I’m kicking off this week with a post about Bikram Yoga and sustainability. So often I hear that someone is interested in Bikram Yoga but it just seems too intense. And I totally get that. The heat, the 90-minute class, the full-body workout can definitely seem scary and hardcore. But time and time again I see broken bodies getting themselves into the hot yoga room and healing their joints, relieving chronic pain, and quite literally getting their lives back.
I hope what you will take away from this post is knowledge and understanding that you don’t have to practice Bikram Yoga in an intense, hardcore way. In fact, it’s better to practice in a way that’s going to allow you to come back to the studio the next day and the next and the one after that for as long as you want.
The following is a list of 9 Ways to Make Your Bikram Yoga Practice More Sustainable. Whether you’ve taken a few classes or you are years into your practice, or even if you’ve never tried but are intrigued, I’m hopeful that the following tips will help make your yoga a sustainable, lifetime practice.
- Put forth less effort. In other words, don’t work so hard. Never worry that you’re being lazy or that you’re not getting enough out of the class, because you definitely are.
- Don’t create pain. If a something hurts in that ouch! this kills! make it stop! I can’t catch my breath! kind of way, back off.
- Breathe more. Lots of times unnecessary fatigue comes from holding the breath. Breathing normally (in and out through the nose) in Bikram Yoga does take concentration and focus. Put your concentration and focus into breathing before you put it into deepening the postures.
- Have zero expectations. I can’t tell you how many times students come in and say, “I am so tired! I’m not going to be able to do anything in there today, I am just going to sleep for the entire class!” And then they end up having their best practice EVER. It’s because they weren’t trying to prove anything to themselves or anyone else. Celebrate the fact that you got to yoga, and know that everything on top of that is a bonus. When you come in with zero expectations, you will be practicing the postures in a more relaxed (e.g. sustainable) state.
- Form before depth. Depth and flexibility are secondary to the correct set up and alignment of a posture. Put the priority on form and find that depth will come naturally without needing to force it.
- Consider your yoga practice “therapy” rather than a “workout.” Sure it is a workout, but the healing benefit comes when you practice sustainably. Then you’re healing and working out at the same time which is just so awesome to me! And if you think about your practice being all about healing (physical, mental, emotional, spiritual), the pressure can be taken off the workout aspect.

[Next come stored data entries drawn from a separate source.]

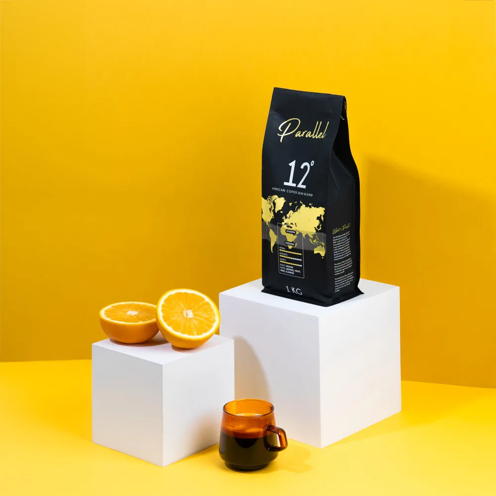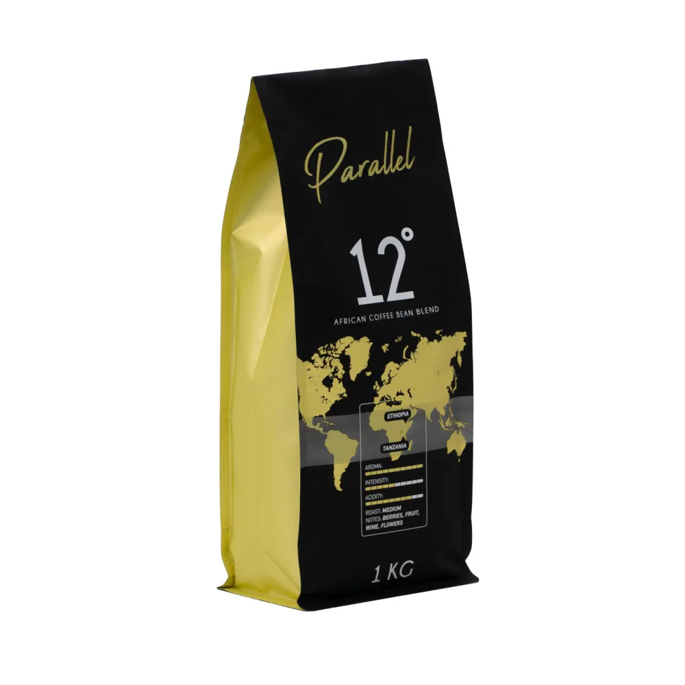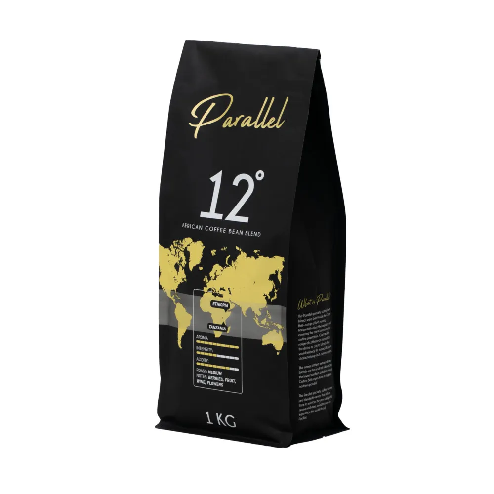 Кофейные зерна "Parallel 12" — это смесь арабики, выращенной в Эфиопии и Танзании. Кофе из этих регионов легкий, с ароматами ягод, фруктов, цветов и легким винным оттенком.
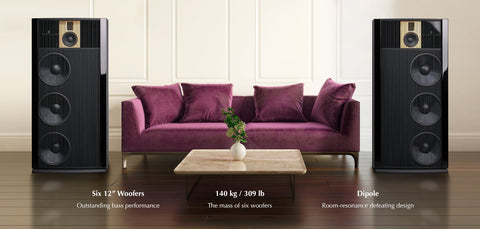 This full range loudspeaker is designed for creating the holographic stereo reproduction of the Steinway & Sons Model D speakers through use of the dipole speaker concept – all in a smaller package. The Steinway & Sons Model B not only looks powerful with its impressive line-up of drivers, but together with the digital crossover and true quad-amplification of the 4 x 400-watt digital amplifier, Steinway & Sons Model A2, the resulting sound reproduction is nothing short of stunning. Extraordinary performance. A dipole speaker requires a large front area to separate the front and rear radiation of low frequency sound. In the Model B, the sides are elegantly folded back to add to the acoustic width of the speaker. Furthermore, the six pieces of woofer add up to an extremely large radiating surface capable of producing a linear output down to 25 Hz.
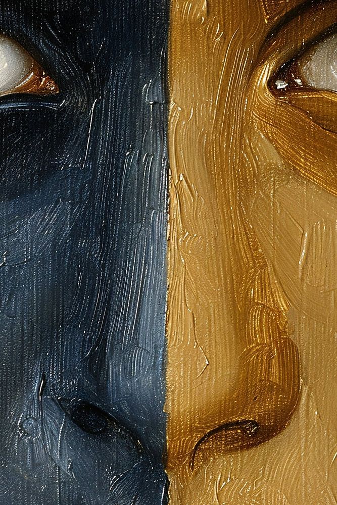 This striking and abstract artwork depicts an intriguing portrait of a woman, with half of her face painted in dark tones and the other half in warm, golden colours. The contrasting colours and expressive brushstrokes create a dynamic and compelling image that feels both modern and timeless. Perfect for modern interiors, this artwork adds a touch of sophistication and mystery to any space. Hang it in your living room or office to make a powerful visual impact guaranteed to spark conversation. A must-have for lovers of modern and abstract art.
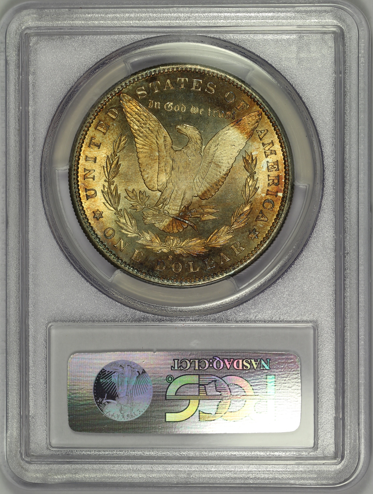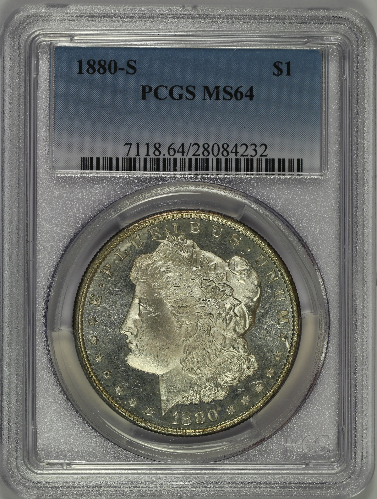 | Here is an 1880-S Morgan Silver Dollar which has been graded MS64 by PCGS and is encapsulated in a newer-style edge-view holder. This is not your average MS64 Morgan Dollar, however. The coin has strong prooflike fields on both sides, though seemingly just short of what is required to earn a PL designation from the grading service. The piece is bright white on the obverse and fully toned on the reverse. The reverse toning is mostly bright golden in color, but hints of orange, red and even blue are also present along parts of the rim. A beautiful near-gem Morgan Dollar with lots of flash and pretty color. |
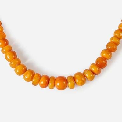 Comprising 85 various sizes amber beads, ranging from approx 6mm to 25mm diameter; the opaque to translucent colors from vivid orange-yellow to rich caramel, total weight 150.8 grams
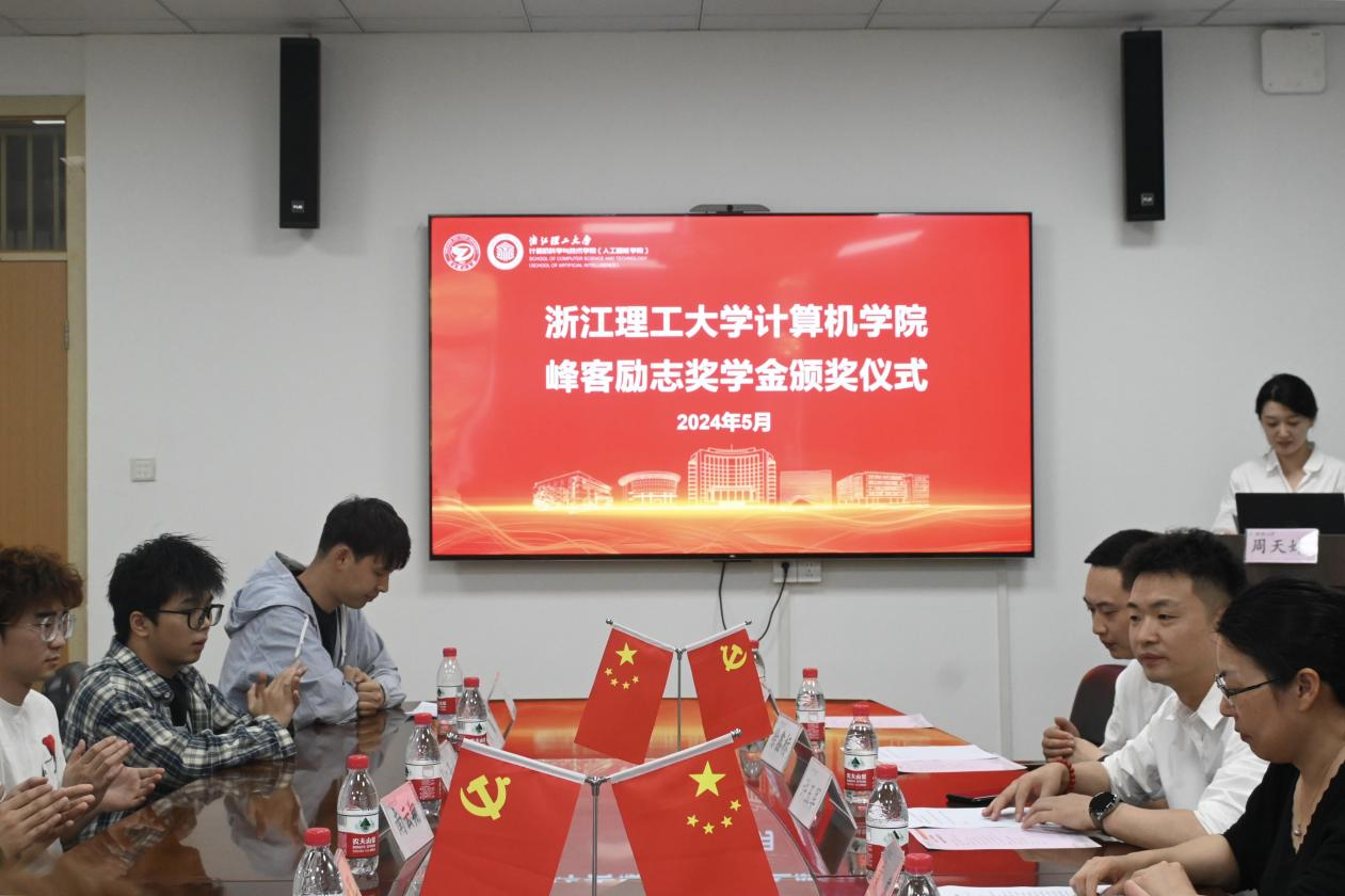 5月29日下午,mk官方网站_mk(中国)计算机科学与技术学院(人工智能学院)“峰客励志奖学金”颁奖仪式在下沙校区10号楼315会议室举行。浙江峰客电气有限公司总经理、2004级电子信息科学与工程专业校友许玉军、监事徐鑫标、人事行政主管王丽,计算机科学与技术学院(人工智能学院)党委书记黄黎、党委副书记丁宁出席仪式。仪式由学院学生资助工作指导老师周天姝主持。

- Pay attention to how you feel after class. If you’ve been practicing consistently for some time (a month or more) and you feel really beat up after each and every class, try exerting less effort when you’re in the postures. This goes to point #1, but a good indicator that you are practicing Bikram Yoga in a sustainable way is if you feel awesome and energized after class and throughout your day.
- Consistency is key. Getting into the hot room on a regular basis makes the entire practice easier as a whole. You get used to the heat and the routine, and there is no pressure to “get it done” since you’ll be back in a couple of days. If Bikram Yoga is part of your routine and you have a meh class here and there, tell yourself, it’s ok, I’m coming back tomorrow anyway.
- Practice Mental Flexibility. The body has an amazing ability to accomplish what the mind intends. Bikram Yoga is a lifetime practice, meaning that we will forever be practicing and improving the postures; there is no end nor final destination. Sometimes the yoga can create frustration if you are unable to “get” a pose right off the bat. But keep an open mind that your body will open up and improve with practice. If you mentally throw in the towel when something gets challenging, inevitably you will throw in the towel physically as well. In order to sustain your Bikram Yoga practice, you have to practice mental flexibility. This will help you keep going and keep at it.
So what do you think? Will these points help you to make your Bikram Yoga a sustainable, lifetime practice? If you’ve never set foot into a Bikram Yoga studio, does this post make it seem a little more doable? If you’re a teacher or practitioner and you have other tips for creating a more sustainable Bikram Yoga practice, I’d love to read them in the comments!